2. L71-74: firstly indicate the ubiquitous role of antioxidant enzymes in mitigating different abiotic stresses (climatic conditions, pesticides, heavy metals). For this purpose the Authors may refer to the following reference: https://doi.org/10.1016/j.scienta.2022.110988.

Answer: The issue has been clarified.

3. L106: the highest root:shoot ratio was noticed with 20 µM in Fig. 1

Answer: The issue has been clarified.

4. L154: in Fig. 2 D, E, F max KI concentration is 50 µM, while in others 40 µM.

Answer: The issue has been clarified.

5. L157: unify the meaning of the bars. Red column indicate water deficit, while blue one irrigated condition. This mistake is also shown in Fig. 3, 4, 5. Indicate the meaning of blue and red bar directly on the Figure as it is in Fig. 1.

Answer: The issue has been clarified.

6. L257 and L276: add a scale with colors and numbers referring to the Pearson correlation. Why are some correlation coefficients not included and shown as empty?

Answer: The issue has been clarified. Spaces represent non-significant correlation between variables, this information was added to the captioned figure.

7. L259: ‘response to water deficit’ – rather, it refers to irrigated treatments.

Answer: The issue has been clarified.

8. L390: indicate pot dimensions. How many plants were cultivated in one pot?

Answer: The issue has been clarified. The capacity of the pot was incorrectly informed, i.e., the pot had a capacity of 1000g and the information was corrected in the text.

9. L390: indicate pot dimensions. How many plants were cultivated in one pot?

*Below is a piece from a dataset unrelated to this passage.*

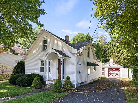 This well-cared-for 3-bedroom, 1-bath home next to Highland park and playground has been carefully maintained by the same family for generations. This home offers convenient single-level living with a first-floor bedroom and bath, plus two additional bedrooms upstairs. Many updates include a newer roof (2017), vinyl siding, replacement windows, natural gas boiler (2014), aluminum gutters, and new flooring throughout the living room and bath. Original wood trim adds character, while laminate kitchen counters provide easy maintenance. Outside, enjoy a large back deck overlooking the level yard, and a paved driveway leads to a single-car garage with attached storage shed. A home filled with care, comfort, and convenience—ready for its next chapter! OPEN HOUSE SAT 10/4 10AM-12PM!
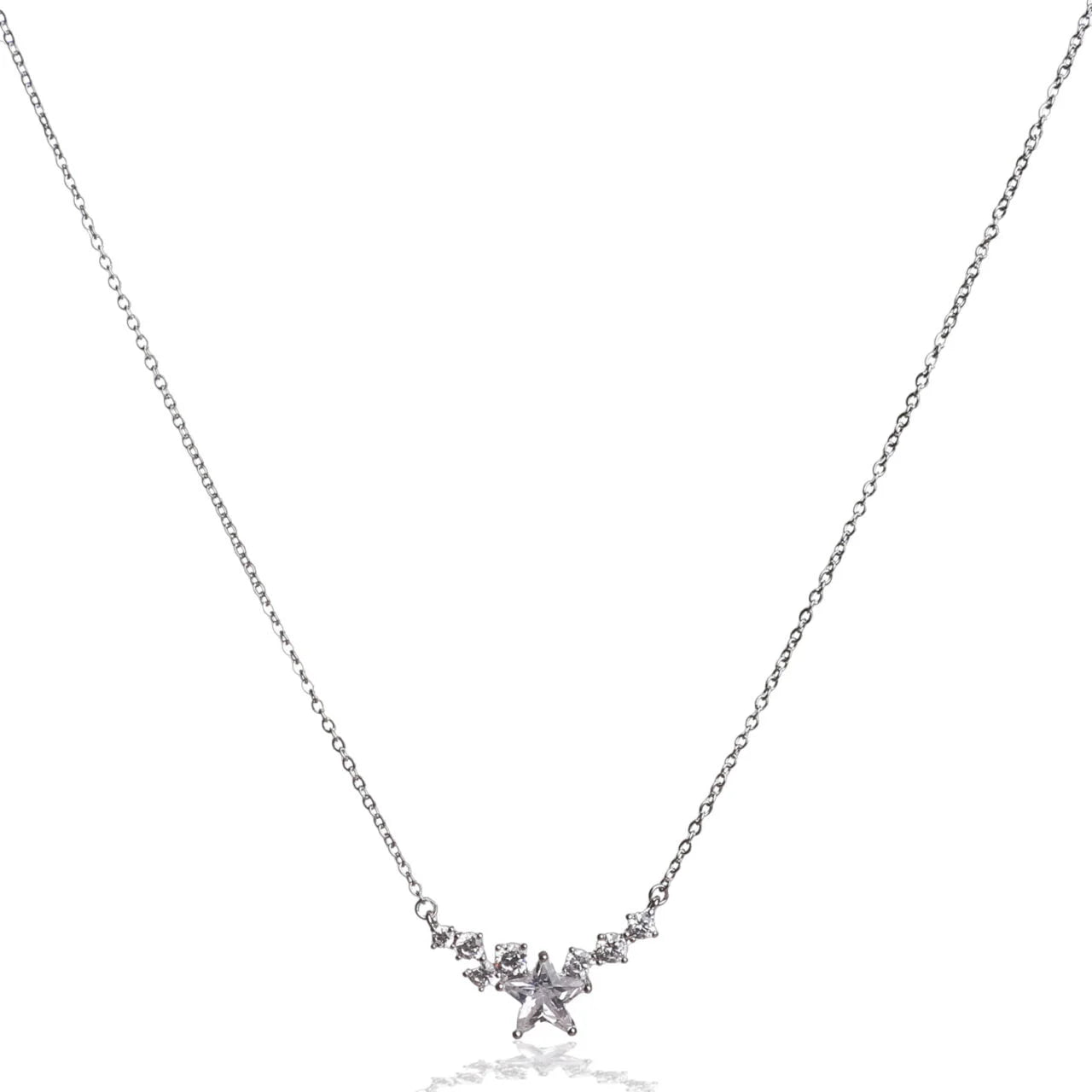 The cubic zirconia star pendant adds a touch of sparkle to any outfit, while the 16 inch chain with extension offers a perfect fit. In silver plating, this necklace adds a touch of glamour to any occasion.

Answer: The issue has been clarified.

Round 2

Reviewer 2 Report

Modifications  have been made.

Author Response

Thanks

Reviewer 3 Report

The Authors have corrected the manuscript according to the comments. However, in L71-76, the background of antioxidant system description is insufficient to highlight the importance of this mechanism related to the content of this study. Please describe the ubiquitous role of antioxidant enzymes in mitigating different abiotic stresses (climatic conditions, pesticides, heavy metals). For this purpose the Authors may refer to the following reference: https://doi.org/10.1016/j.scienta.2022.110988

Author Response

Dear reviewer, thank you for your contribution. This is a well-described mechanism that has been confirmed in several studies. Furthermore, we have well described how these enzymes play a role in the cellular detoxification process by ROS (lines 72-78). We understand that the main focus of our manuscript is whether iodine can potentiate these responses in plants under water deficit, as it occurs in other types of situations, which is described in our text (Lines 78-82) and confirmed by our results. However, we understand that the suggestions made go towards adding references that emphasize this role of antioxidant enzymes in stress. Thus, we have added quotes from works that support our descriptions.

Round 3

Reviewer 3 Report

It can be stated that the Authors have corrected the manuscript. I have no more comments.